In this session, you will utilize USCF Chimera to view and interrogate two biomolecular structures. This program is freely available for Microsoft Windows, Mac OSX, Linux, and UNIX-based computer operating systems such as IRIX. From home (or your home lab), you may download the Chimera structure viewer from the UCSF website: http://www.cgl.ucsf.edu/chimera/download.html

Chimera menu commands will be designated as: Button -> button -> button .

Chimera command line commands are indicated after: command>

In addition to this handout, you should receive a copy of The Chimera Quick Reference Guide (UCSF).

Section A: Investigating Hemoglobin

1. View the PDB file for human Hemoglobin (1GZX)

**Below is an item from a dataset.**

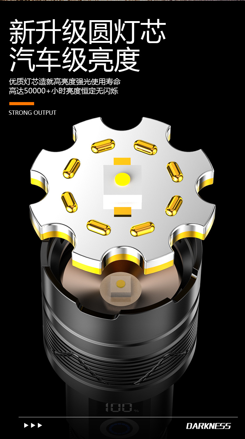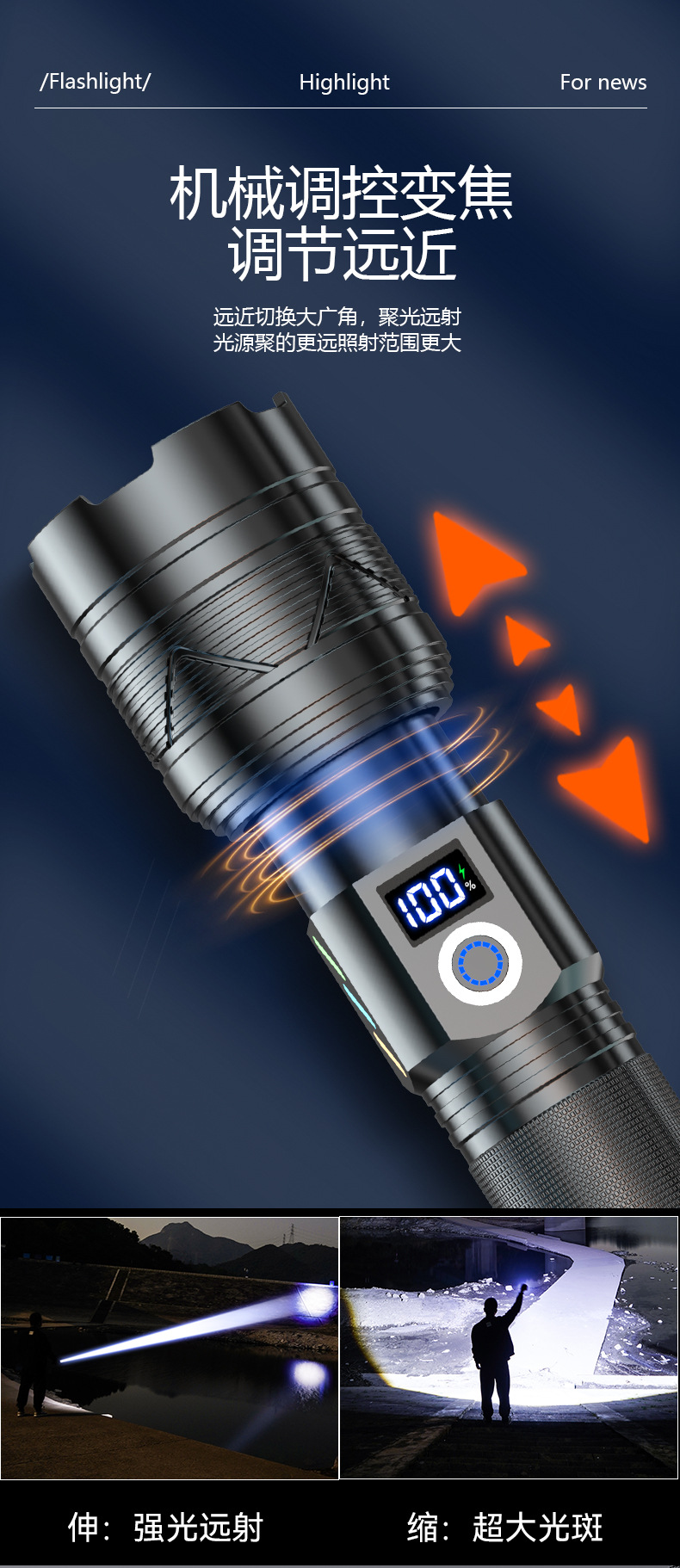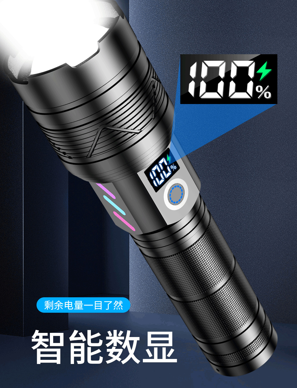 국경 다기능 전술 손전등 강한 빛 레이저 총 야외 줌 디지털 디스플레이 충전 20W 백색 레이저 손전등스토어 가기

In a terminal window, type chimera. This is a newer, larger program than e.g. RasMol, and will take much longer to start running. You can drag the bottom right corner of the Chimera window to expand the window size to something comfortable for you.

Now, automatically fetch the structure of hemoglobin from the Protein Data Bank.

  1. File -> Fetch by ID -> Type 1GZX -> Fetch

  2. Rotate the structure with the left mouse button (button 1)

  3. Translate (move) the structure with the middle mouse button (button 2)

  4. Zoom in on the structure with the right mouse (button 3)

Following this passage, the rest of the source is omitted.